> [Information supplied]
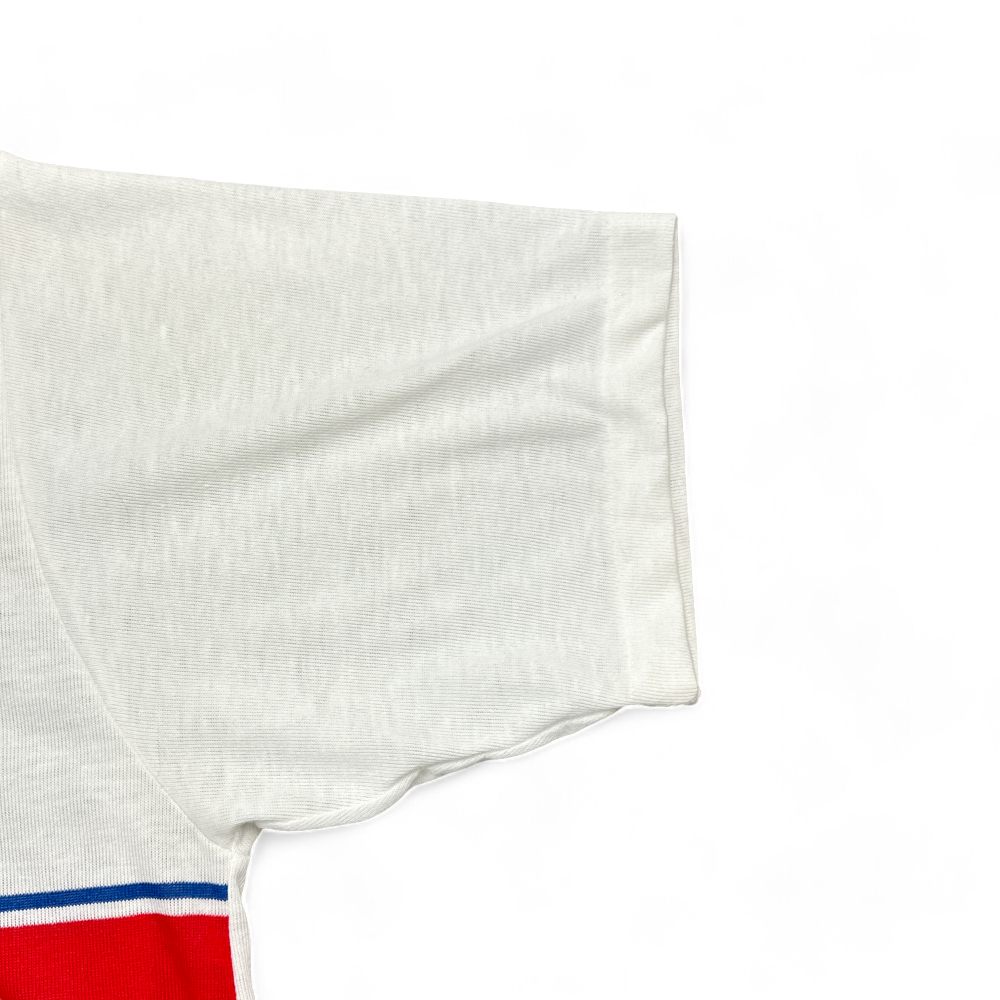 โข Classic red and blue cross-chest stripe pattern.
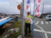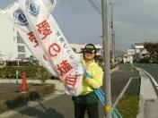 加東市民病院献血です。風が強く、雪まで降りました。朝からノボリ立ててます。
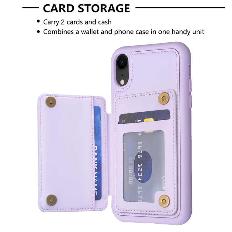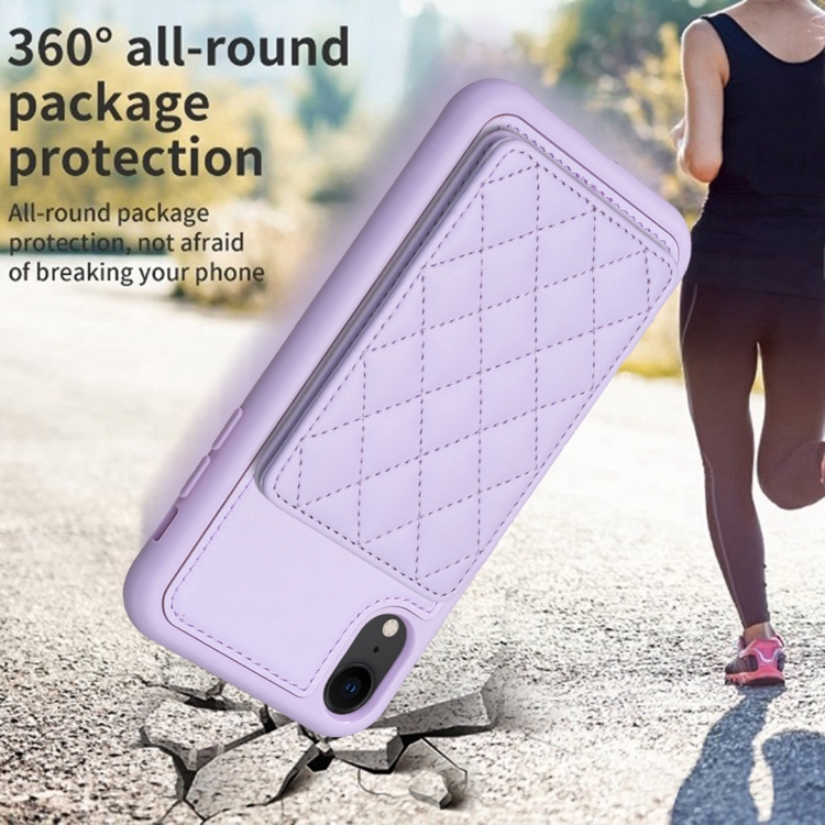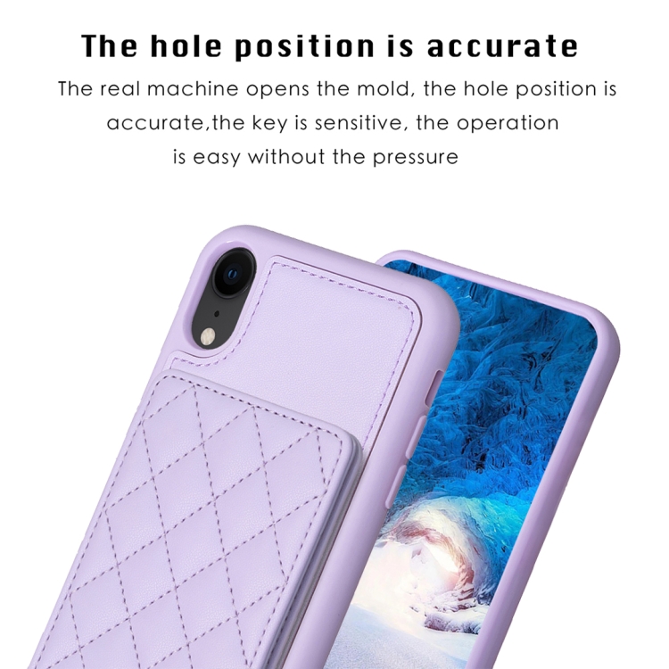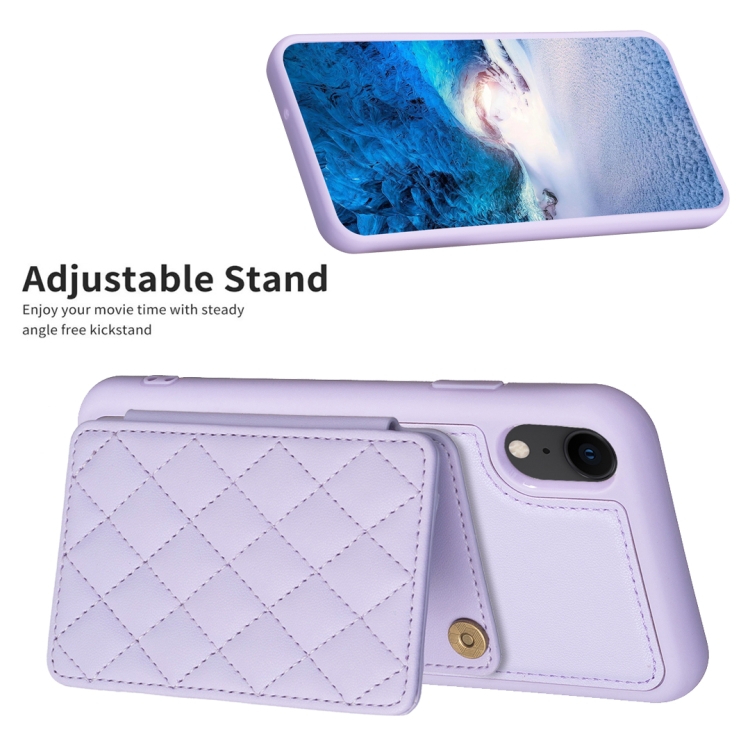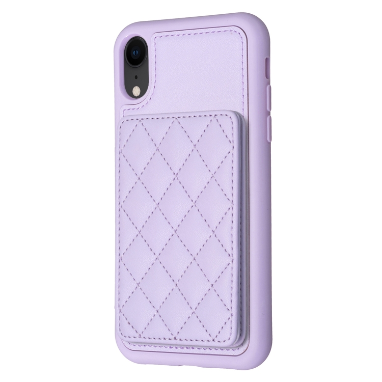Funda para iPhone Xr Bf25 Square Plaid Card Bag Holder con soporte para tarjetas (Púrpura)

> [Task objective]
The full listing above, duplicated exactly and without its pictures, is the answer.

> [Written solution]
 โข Classic red and blue cross-chest stripe pattern.
 加東市民病院献血です。風が強く、雪まで降りました。朝からノボリ立ててます。
Funda para iPhone Xr Bf25 Square Plaid Card Bag Holder con soporte para tarjetas (Púrpura)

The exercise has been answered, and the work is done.